The Sea, The Sea - Iris Murdoch [172]
I have just said that I now found Titus simpler than I had thought at first. This was so in relation to his mother and to my own problems. (Perhaps by ‘simpler’ I just mean ‘vaguer’, ‘less attentive’.) But it was certainly noteworthy, and Gilbert noticed it too, that Titus was in superficial ways more cultivated than one would expect a boy to be who had left school early to ‘do electricity’ at a polytechnic. Where had Titus been during the last year or two? This remained mysterious. I remembered the cuff links and the book of Dante’s love poems. My own hypothesis was that he had been living with an older woman. He was just now about the age which I had been when I was kidnapped by Clement; baby-snatching, as everybody called it. Had someone snatched Titus—and then, and lately, discarded him? Gilbert’s theory, not surprisingly, was that Titus had been living with a man. Titus himself remained, on this subject, silent. (Perhaps this is the place to say that Perry was of course wrong about the nature of my relations with Fritzie Eitel.)
I have spoken of histories and changes. And indeed in a way later on it seemed to me that what I was doing in those days was reliving the whole history of my love for Hartley, not only the old times, but all the intermediate times as well. Every day, every hour, I remembered more. On about the evening of the second day Hartley became for a while more talkative and had the air of having been reflecting, the talk being the fruit of the reflection. This led to a dialogue which had a most distressing conclusion.
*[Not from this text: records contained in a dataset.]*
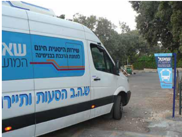
השאטל מגבעת עדה לרכבת בנימינה, שהתבטל
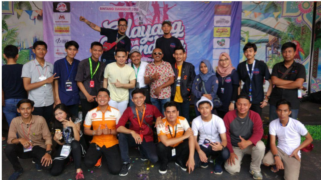
Foto bersama panitia Selayang Pandang Bintang Dangdut 2018
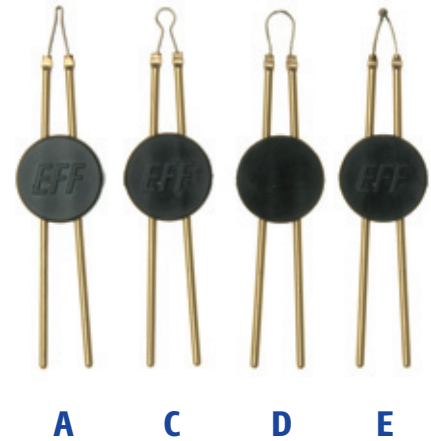
A C D E 09-201-D10 09-203-D10 09-204-D10 09-205-D10
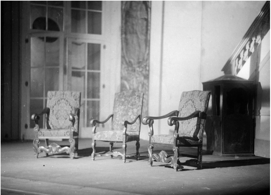
Abb. 5: Bühnenbild »Der Schwierige«, Akt III Foto: Hans Böhm, ÖNB, Pk 2788,338

Nach verschiedenen emotionalen und auch räumlichen Umwegen zwischen Akt II und Akt III – nach Hans Karls detour durch die Stadt und Helenes Entschluss, das Haus zu verlassen, um ihm auf die Straße hinaus nachzugehen – kommen im dritten Akt die Aussprache und Verlobung zwischen Hans Karl und Helene in einem Raum zustande, der eigentlich und erst recht in einer Salonkomödie nicht für ein solches Ereignis vorgesehen ist, nämlich im Eingangsbereich des Palais Altenwyl, nicht im Salon. Helene spricht die ungewöhnliche räumliche Situation direkt an (»[...] hier ist vielleicht nicht der rechte Ort, das zu sagen, was gesagt werden muß«), arrangiert sich aber sofort mit diesem Setting: »[...] aber jetzt muß es halt hier gesagt werden.« (III,8, S. 129f.)
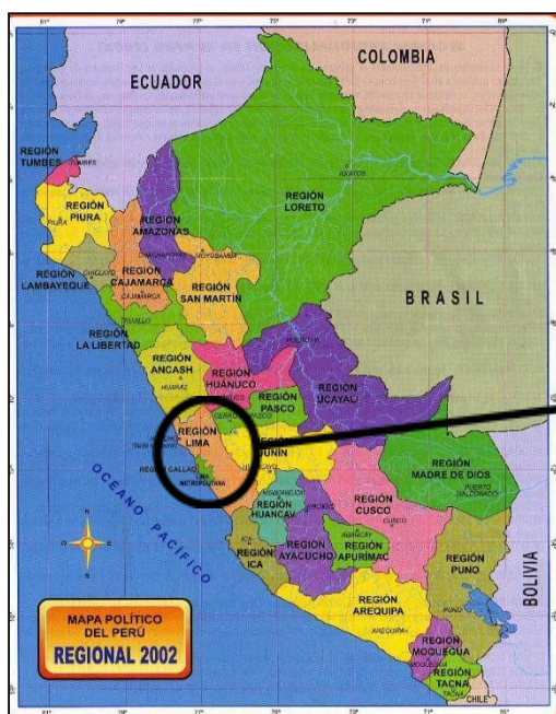
Mapa político del Perú
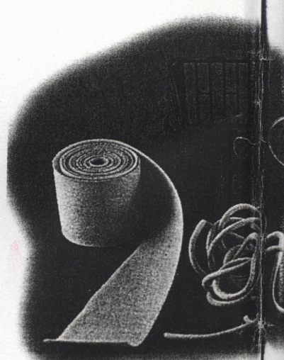
Divers produits non alimentaires réalisés à partir de lupin

la graine par une relation linéaire de type A \times MAT (g/kg MS) + B avec de forts coefficients de corrélation
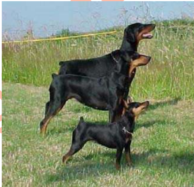
Hoy 3 tipos de Pinscher conocidos en el mundo Pinscher Miniatura, Pinscher Alemán y Dobermann Pinscher

Para concluir, hoy se trata de una de las razas más importantes del mundo, tanto del punto de vista cuantitativo como cualitativo, al ser un perro de Utilidad, Compañía y Protección con unas características muy difíciles de igualar.
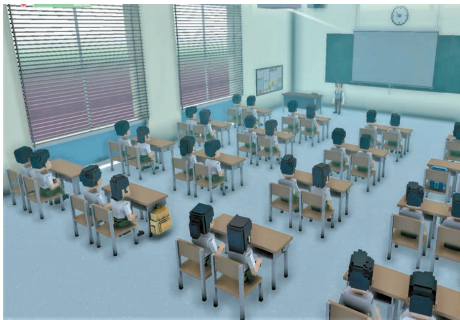
「元·宇宙放榜圍爐」企劃創建的「夠薑蔥5星星學院」特別呈獻「校服祭」，展示30款本地經典校服款式。
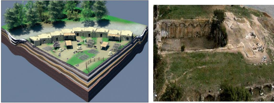
Şekil 8. Aktopraklık Arkeoparkı (Bursa) (Karul ve Avcı 2010), Şekil 9. Küçükyalı Arkeolojik Parkı (İstanbul) (Bayraktar, 2010)
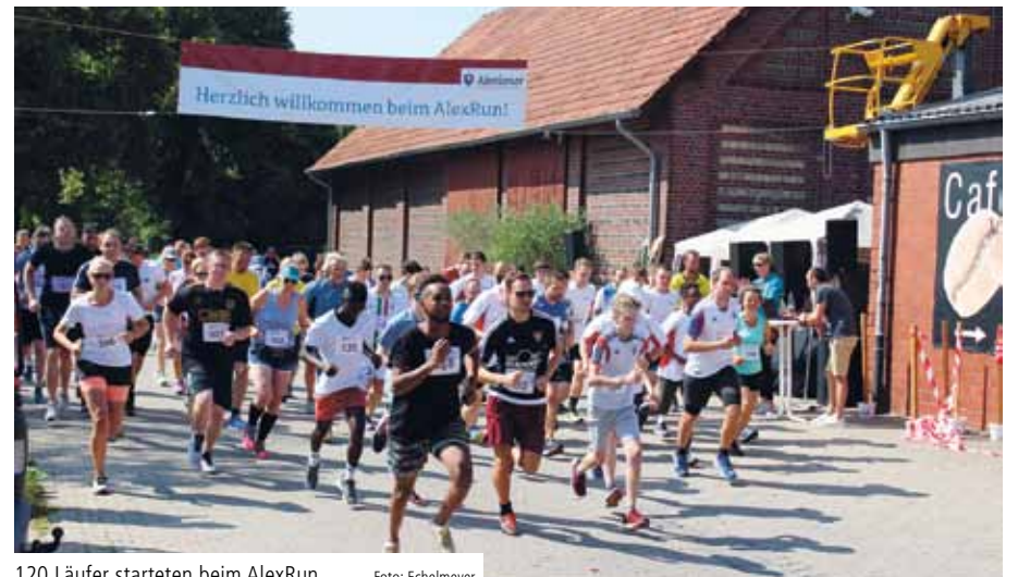
120 Läufer starteten beim AlexRun

Schwitzen und Laufen macht zusammen mehr Spaß!
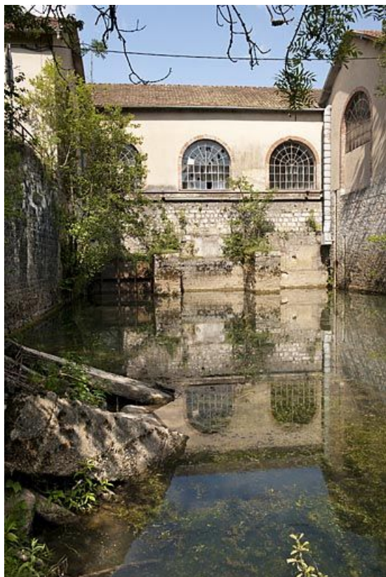
Mur oriental de la salle des turbines et canal de fuite.

25, Voujeaucourt, lieudit : la Grosse Pâtur

We were sitting on the floor, she on the mattress, I on the bare boards, with our legs outstretched, and facing the long high-up window which gave onto the drawing room. The middle room, usually darkish, was now in twilight, though the evening glow communicated a dim warm illumination. I touched Hartley’s hand. I felt from head to foot connected with her.
‘Darling, my silk dressing gown suits you, but won’t you take it off sometimes?’
‘I’m cold.’
‘Aren’t you beginning to feel that you live here?’
‘You think the important thing is that I made a mistake in not marrying you.’
‘There was a mistake. What’s more important is to undo it now.’
‘You just want someone to remember things with.’
‘That’s very unfair, when I want so much to talk of the future, only you won’t!’
‘You feel resentment against me because I went away.’
‘So you admit you went away?’
‘I suppose so, it’s so long ago.’
‘You said I’d be unfaithful.’
‘Did I? I can’t remember.’ I had lived my life on her words, and now she could not even recall them! ‘I suppose I must have gone away because I can remember feeling guilty.’
‘Guilty about hurting me?’
‘Yes. Really I did always feel guilty and thought you blamed me. And in a funny way I had to protect myself from you by the idea that you hated me.’
‘How on earth would that “protect” you?